10. The Flatiron Building Was Built Incredibly Fast
Once the foundation was set during construction, the floors went up at a rate of one floor per week. And once the steel frame was done, it only took four months to finish the building, which was completed in June 1902, with the building opening in November that year.
New Yorkers were relatively unfamiliar with steel cage construction when the Flatiron was built. The thinness of the building also added to the public’s trepidation, and there was a fear that the building could topple over. In response, the building was over-engineered, says Sonny. As proof, Sonny recounts RCN’s experience trying to bring cable into the building. They started with a 14-foot bit, drilling from the outside of the foundation, followed by a 16-foot bit, but it never broke through.
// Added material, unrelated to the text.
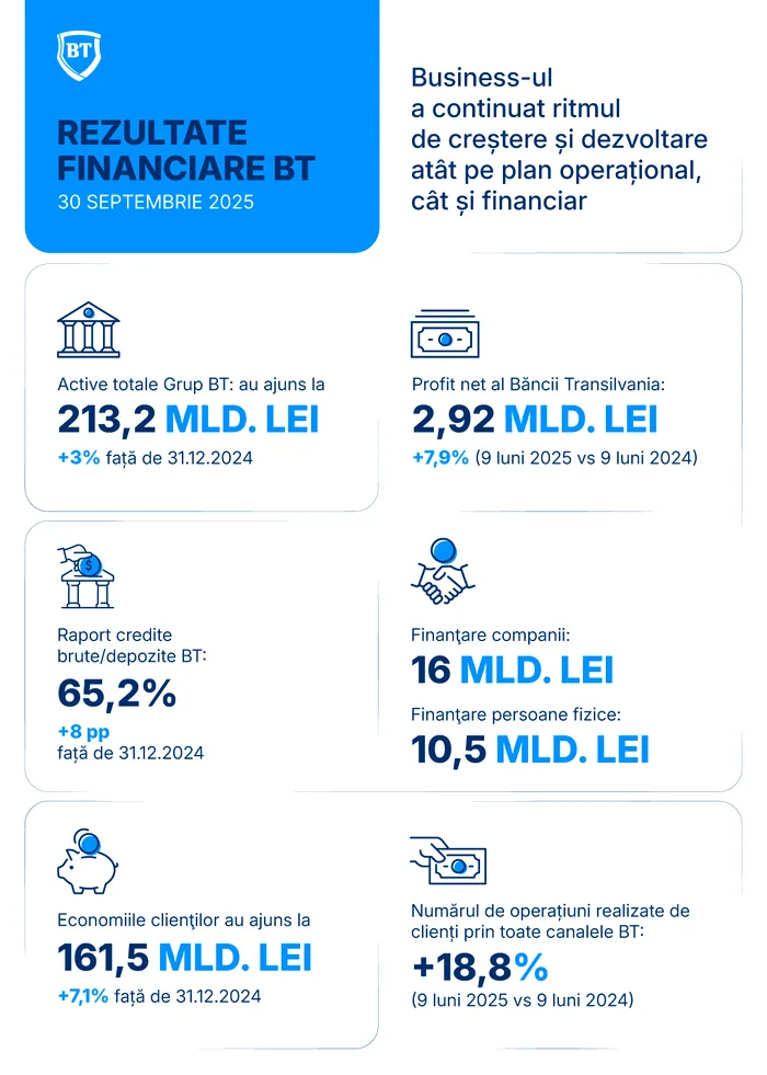 Grupul financiar a ajuns la active totale de 213,2 mld. lei, o creștere de 3% față de finalul anului trecuti și aproape 7% peste nivelul din septebmrie 2024. De asemenea, creditele și creanțele din leasing nete au urcat la 104,2 mld. lei, cu un avans de 8,1% față de începutul anului și de 10,7% față de septembrie 2024. Veniturile operaționale au urmat trendul ascendent, astfel că venitul net din dobânzi a crescut cu 20,2% față de primele nouă luni din 2024, iar venitul net din taxe și comisioane a crescut cu 12,1%. Numărul de operațiuni realizate de persoanele fizice și companii a crescut cu aproximativ 19% față de 2024.

Finally, a 20-foot bit made it through and the RCN engineer said it was the widest foundation he had ever seen on a building.
Although architectural critics were clearly horrified by the design, the public almost instantly fell in love – along with the modern artists and photographers of the time. Architectural Record thought it was awkward, and criticized a large number of windows. The New York Times called it a “monstrosity,” The New York Tribune described it as a “stingy piece of pie,” the Municipal Journal & Public Works called it “New York’s latest freak in the shape of sky scrapers” and the Municipal Art Society went as far to say it was “unfit to be in the Center of the City.”